Supplied material —
▬▬▬

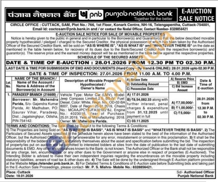 Vehicle Type: Motor Car (LMV), Model: Jeep Compass Limited 2.0. BS-IV, Fuel: Diesel, Color: White, Regn. No.: OD-02-BA 8007, Date of Regn.: 25.01.2019, Chasis No.: MCAAJPCY6JFA39183'8J, Engine No.: 4023016, Year of Purchase: 25.01.2019, Year of Manufacturing: 2018. Owner: Mr. Mahendra Parida.
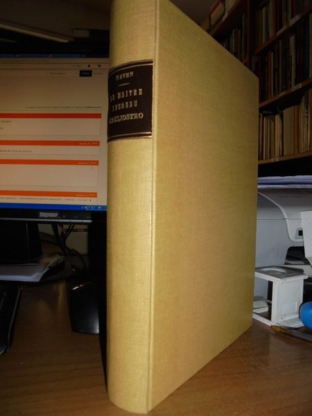 HAVEN, Marc (pseud. du Dr. Lalande). Paris, Dorbon - Aîné, s.d. [1912]. Le Maître inconnu : Cagliostro : étude historique et critique sur la haute magie. In - 8° grande, tela con titolo in oro entro tassello al dorso. (4), 330, (2) pp. con 18 illustrazioni, ritratti, vedute e facsimili di documenti n.t. e f.t. Le pp. 309 - 330 contengono una bibliografia ragionata in materia. Dorbon, Bibliotheca esoterica. 2101: << Selon M. Haven (pseudonyme du Dr. Lalande) Cagliostro fut un apôtre et un martyr: abandonné par les siens, il oublia non pour pouver leur pardonner; trompé par celle qui avait choisie, il la sauva sut cacher sa faute et l' entourer d' égards; persecuté, il rendit toujours le bien pour le mal >>. In fine: publications de la Librairie Dorbon-Ainé, 23 pp. Bell' esemplare. Neg. Mass. mob. 1
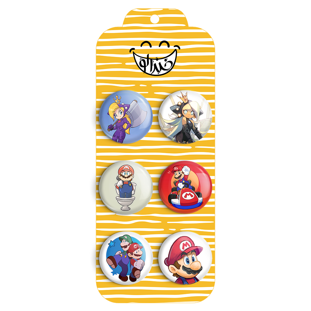 مجموعه 6 عددی پیکسل خندالو طرح (Mario) سوپر ماریو با روکش سلفون حرارتی براق ضدخش و قطعه پشتی رنگی تولید شده است. قطعات پشتی از میان 6 رنگ سفید، مشکی، صورتی، زرد، آبی و قرمز که با توجه به نوع و رنگبندی طرح روی پیکسل انتخاب شده اند تولید می شود و در هر بسته بندی مطابق عکس محصول می باشد.
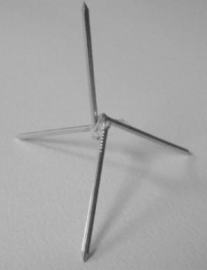 Så här står det i facit: Man kan också placera spetsarna i triangel i xy-planet, och så se på vilken höjd centrum ska sitta för att vinkeln mellan den lodräta spiken och en av de andra ska bli samma som den mellan två av de andra.
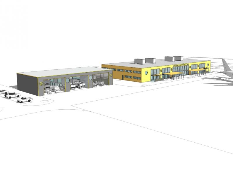 The below visualizations are depicting various examples of solutions of Modular Terminals, Administrative Blocks as well as hangars. The final design may differ from depicted visualizations.
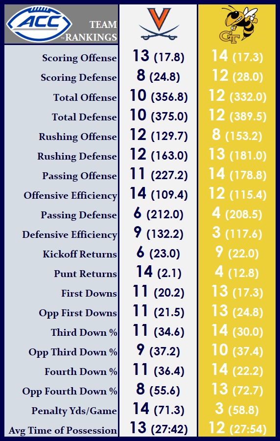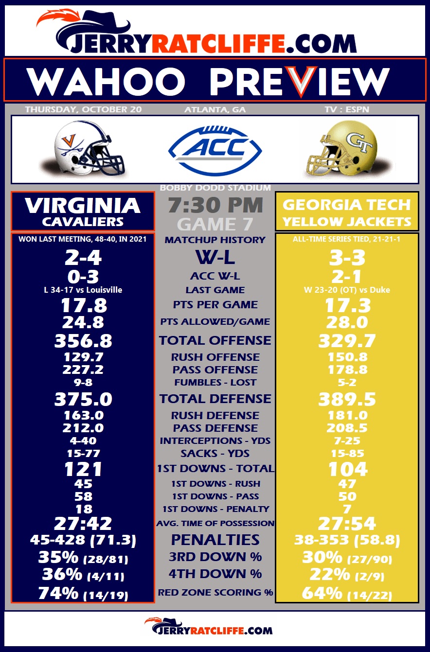 The Virginia football team faces ACC Coastal Division rival Georgia Tech Thursday night in Atlanta, with the Cavaliers still looking for their first conference victory of the season. UVA (2-4, 0-3 ACC) has dropped five league matchups in a row dating back to last season, but has had a bye week and an 11-day layoff to readjust and prepare for its next shot at a win on Thursday night in front of a national TV audience (7:30 p.m., ESPN).
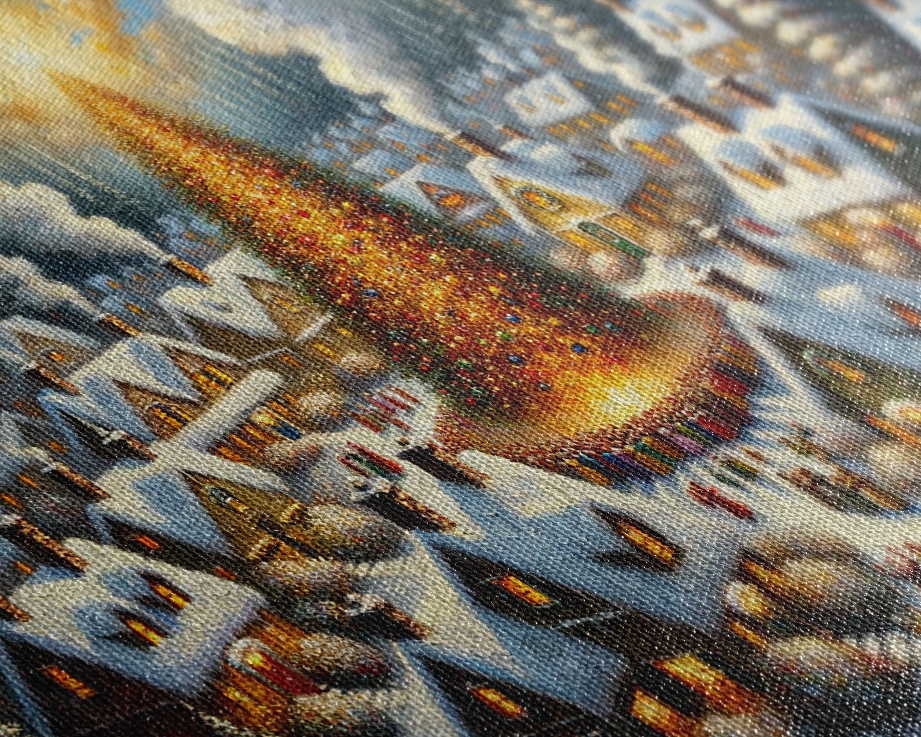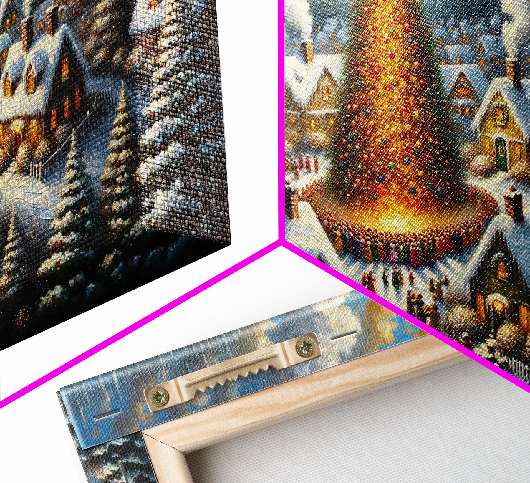 Abstract Christmas Village Centerpiece Wall Art | Framed Canvas Print | Christmas Oil Painting Winter Wonderland | Retro Farmhouse Christmas
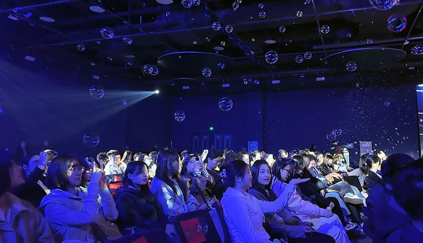 4月9日,吉林建筑大學的學生們走進了人民網“夢幻靈境”長春AI展演中心,體驗了與白澤的奇幻旅程。
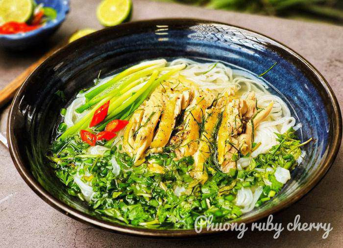 - Bánh phở đem chần nóng rồi chia ra các bát. Sau đó xếp thịt gà đã thái lên trên, rắc lá chanh, hành lá thái nhỏ, thêm phần trắng hành lá chần tái, rồi chan nước dùng. Khi ăn, thưởng thức kèm rau thơm, tương ớt, giấm tỏi nếu thích!
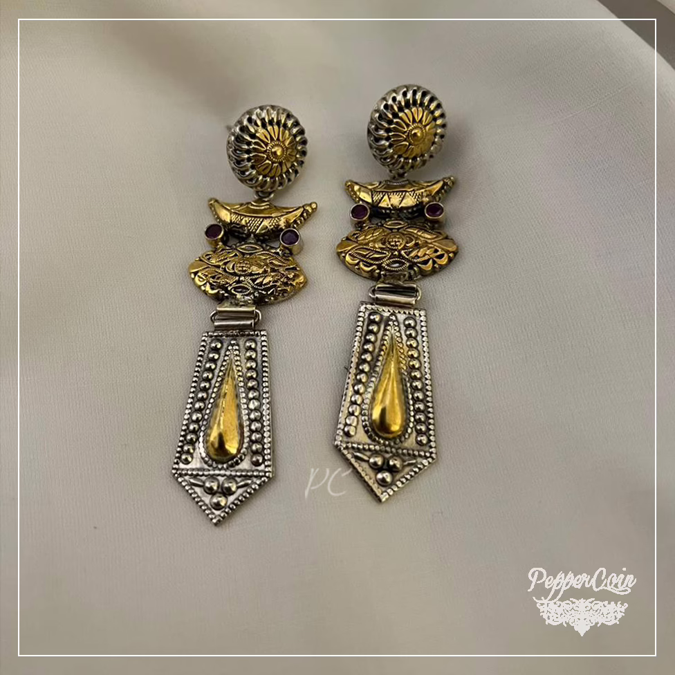 Dual Tone One Of a kind Silver Earrings Ruby Stone.
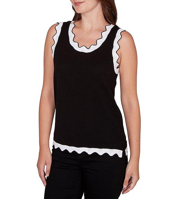 From Ruby Rd., this tank features: Fine gauge fabrication Scoop neckline Sleeveless Scalloped contrast trim along neckline, arms, and hem Straight hemline with side slits Pullover construction Rayon/polyester/nylon Hand wash Imported. Sweet and simple, this fine-gauge stretch tank features scalloped contrast trim along the neckline, arms, and hem. A polished knit layer that pairs beautifully with cardigans or stands stylishly on its own.
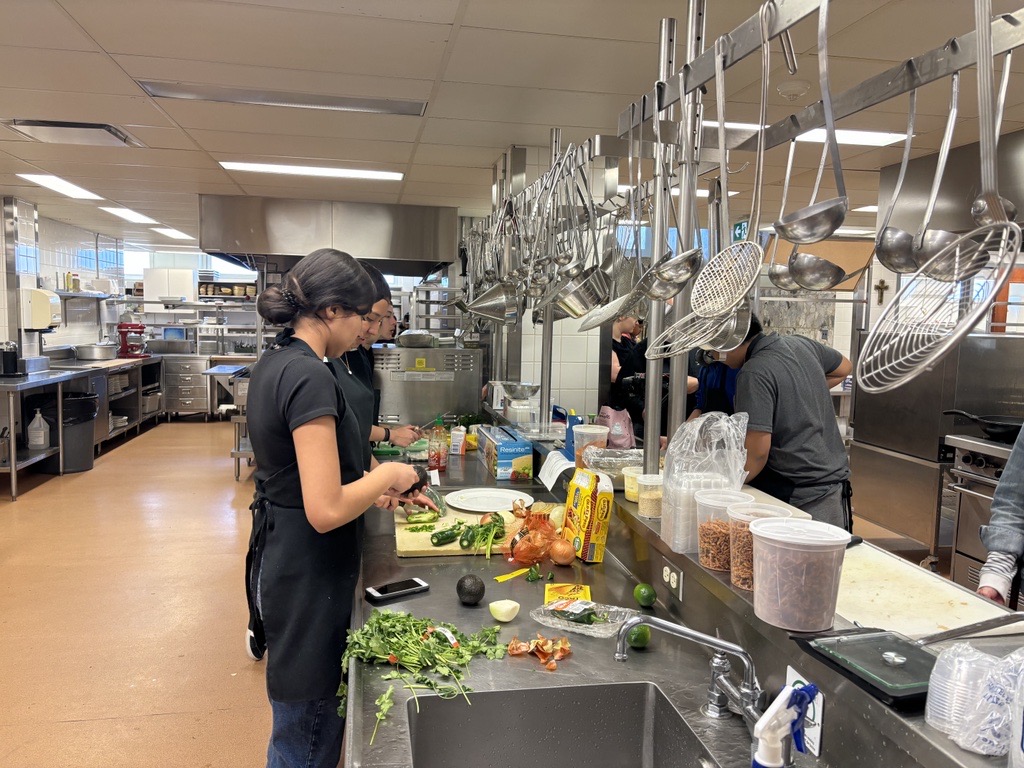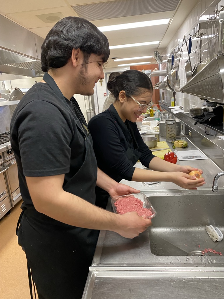 En effet, comme troisième activité, les élèves ont eu la chance d’utiliser la cuisine professionnelle afin de concocter de délicieux plats aux saveurs de leur pays d’origine. L’exercice était supervisé par Pascal de Bellefeuille, chef et enseignant en cuisine. Préalablement, les élèves ont dressé leur liste d’épicerie afin que les enseignantes puissent fournir les ingrédients requis.
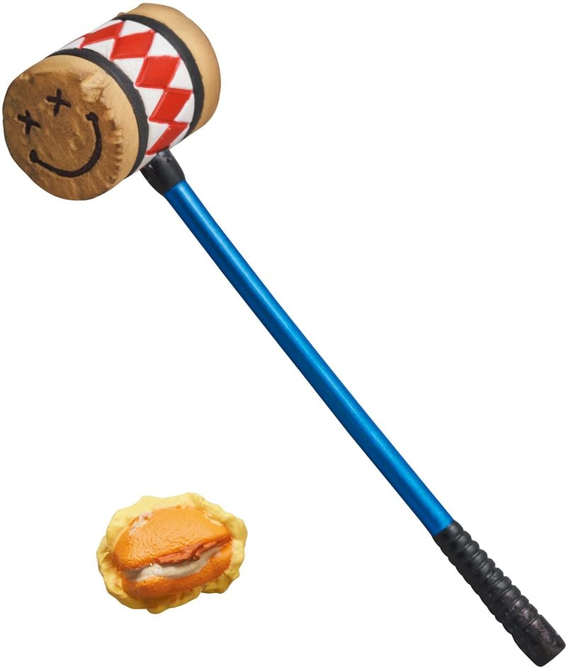 本作高約 15 公分,再現了將外套袖子縫上繽紛流蘇警示膠帶的搶眼造型,不過因為是以硬質材料製成,所以整體看上去實在是相當微妙,不過外套的透明部分倒是有不錯的視覺效果,並還原了金色項鍊、粉紅色小可愛、直條紋牛仔短褲的刷破、大腿的刺青......等細節,頭雕部分小編個人覺得比上一版(點此)有大幅度的進步,眼珠、眼妝都更為自然,還有普通、咬牙兩種表情,配件包含了哈莉超愛的三明治(エッグサンド)、招牌大槌與多個替換手型。
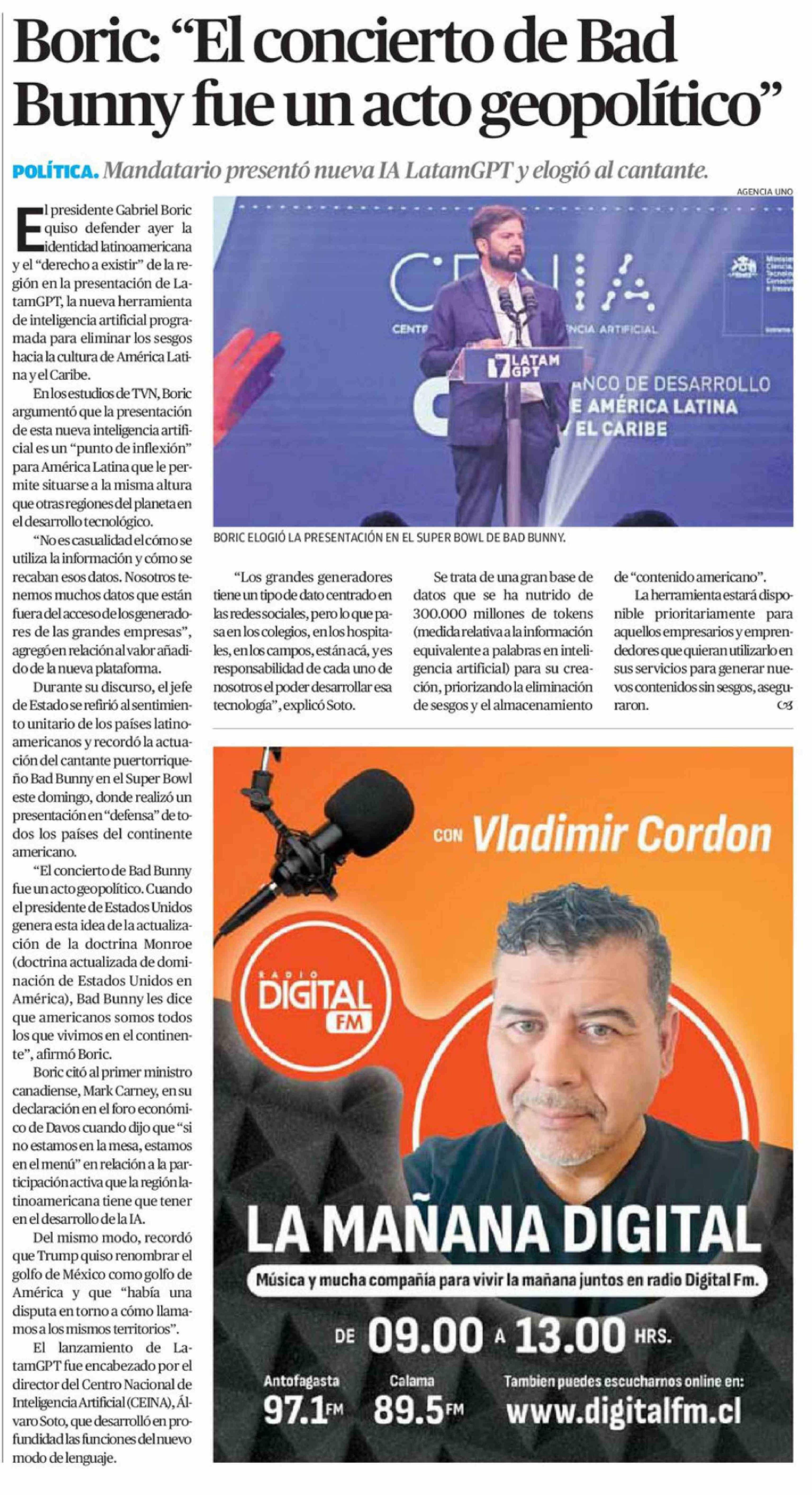 Título: Boric: "El concierto de Bad Bunny fue un acto geopolítico"
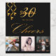 A bottle label for a glamourous 30th birthday party. Personalise and add 3 of your own photos, a name, age 30 and a date. Date of birth or the date of the party. Golden coloured letters. The word: Cheers, in faux gold written with a trendy hand lettered style script. Elegant, classic chic black background colour, decorated with faux gold party streamers.
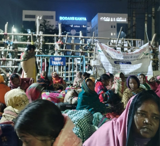 Later that night, as temperatures dropped to around 12°C, Migni Oraon, a woman worker from Hantapara Tea Garden sitting on dharna under the open sky, fell seriously ill and had to be rushed to hospital.

▬▬▬

Work instruction — An exact copy of the data above is required, printed without its pictures.

Answer box —
 Vehicle Type: Motor Car (LMV), Model: Jeep Compass Limited 2.0. BS-IV, Fuel: Diesel, Color: White, Regn. No.: OD-02-BA 8007, Date of Regn.: 25.01.2019, Chasis No.: MCAAJPCY6JFA39183'8J, Engine No.: 4023016, Year of Purchase: 25.01.2019, Year of Manufacturing: 2018. Owner: Mr. Mahendra Parida.
 HAVEN, Marc (pseud. du Dr. Lalande). Paris, Dorbon - Aîné, s.d. [1912]. Le Maître inconnu : Cagliostro : étude historique et critique sur la haute magie. In - 8° grande, tela con titolo in oro entro tassello al dorso. (4), 330, (2) pp. con 18 illustrazioni, ritratti, vedute e facsimili di documenti n.t. e f.t. Le pp. 309 - 330 contengono una bibliografia ragionata in materia. Dorbon, Bibliotheca esoterica. 2101: << Selon M. Haven (pseudonyme du Dr. Lalande) Cagliostro fut un apôtre et un martyr: abandonné par les siens, il oublia non pour pouver leur pardonner; trompé par celle qui avait choisie, il la sauva sut cacher sa faute et l' entourer d' égards; persecuté, il rendit toujours le bien pour le mal >>. In fine: publications de la Librairie Dorbon-Ainé, 23 pp. Bell' esemplare. Neg. Mass. mob. 1
 مجموعه 6 عددی پیکسل خندالو طرح (Mario) سوپر ماریو با روکش سلفون حرارتی براق ضدخش و قطعه پشتی رنگی تولید شده است. قطعات پشتی از میان 6 رنگ سفید، مشکی، صورتی، زرد، آبی و قرمز که با توجه به نوع و رنگبندی طرح روی پیکسل انتخاب شده اند تولید می شود و در هر بسته بندی مطابق عکس محصول می باشد.
 Så här står det i facit: Man kan också placera spetsarna i triangel i xy-planet, och så se på vilken höjd centrum ska sitta för att vinkeln mellan den lodräta spiken och en av de andra ska bli samma som den mellan två av de andra.
 The below visualizations are depicting various examples of solutions of Modular Terminals, Administrative Blocks as well as hangars. The final design may differ from depicted visualizations.
 The Virginia football team faces ACC Coastal Division rival Georgia Tech Thursday night in Atlanta, with the Cavaliers still looking for their first conference victory of the season. UVA (2-4, 0-3 ACC) has dropped five league matchups in a row dating back to last season, but has had a bye week and an 11-day layoff to readjust and prepare for its next shot at a win on Thursday night in front of a national TV audience (7:30 p.m., ESPN).
 Abstract Christmas Village Centerpiece Wall Art | Framed Canvas Print | Christmas Oil Painting Winter Wonderland | Retro Farmhouse Christmas
 4月9日,吉林建筑大學的學生們走進了人民網“夢幻靈境”長春AI展演中心,體驗了與白澤的奇幻旅程。
 - Bánh phở đem chần nóng rồi chia ra các bát. Sau đó xếp thịt gà đã thái lên trên, rắc lá chanh, hành lá thái nhỏ, thêm phần trắng hành lá chần tái, rồi chan nước dùng. Khi ăn, thưởng thức kèm rau thơm, tương ớt, giấm tỏi nếu thích!
 Dual Tone One Of a kind Silver Earrings Ruby Stone.
 From Ruby Rd., this tank features: Fine gauge fabrication Scoop neckline Sleeveless Scalloped contrast trim along neckline, arms, and hem Straight hemline with side slits Pullover construction Rayon/polyester/nylon Hand wash Imported. Sweet and simple, this fine-gauge stretch tank features scalloped contrast trim along the neckline, arms, and hem. A polished knit layer that pairs beautifully with cardigans or stands stylishly on its own.
 En effet, comme troisième activité, les élèves ont eu la chance d’utiliser la cuisine professionnelle afin de concocter de délicieux plats aux saveurs de leur pays d’origine. L’exercice était supervisé par Pascal de Bellefeuille, chef et enseignant en cuisine. Préalablement, les élèves ont dressé leur liste d’épicerie afin que les enseignantes puissent fournir les ingrédients requis.
 本作高約 15 公分,再現了將外套袖子縫上繽紛流蘇警示膠帶的搶眼造型,不過因為是以硬質材料製成,所以整體看上去實在是相當微妙,不過外套的透明部分倒是有不錯的視覺效果,並還原了金色項鍊、粉紅色小可愛、直條紋牛仔短褲的刷破、大腿的刺青......等細節,頭雕部分小編個人覺得比上一版(點此)有大幅度的進步,眼珠、眼妝都更為自然,還有普通、咬牙兩種表情,配件包含了哈莉超愛的三明治(エッグサンド)、招牌大槌與多個替換手型。
 Título: Boric: "El concierto de Bad Bunny fue un acto geopolítico"
 A bottle label for a glamourous 30th birthday party. Personalise and add 3 of your own photos, a name, age 30 and a date. Date of birth or the date of the party. Golden coloured letters. The word: Cheers, in faux gold written with a trendy hand lettered style script. Elegant, classic chic black background colour, decorated with faux gold party streamers.
 Later that night, as temperatures dropped to around 12°C, Migni Oraon, a woman worker from Hantapara Tea Garden sitting on dharna under the open sky, fell seriously ill and had to be rushed to hospital.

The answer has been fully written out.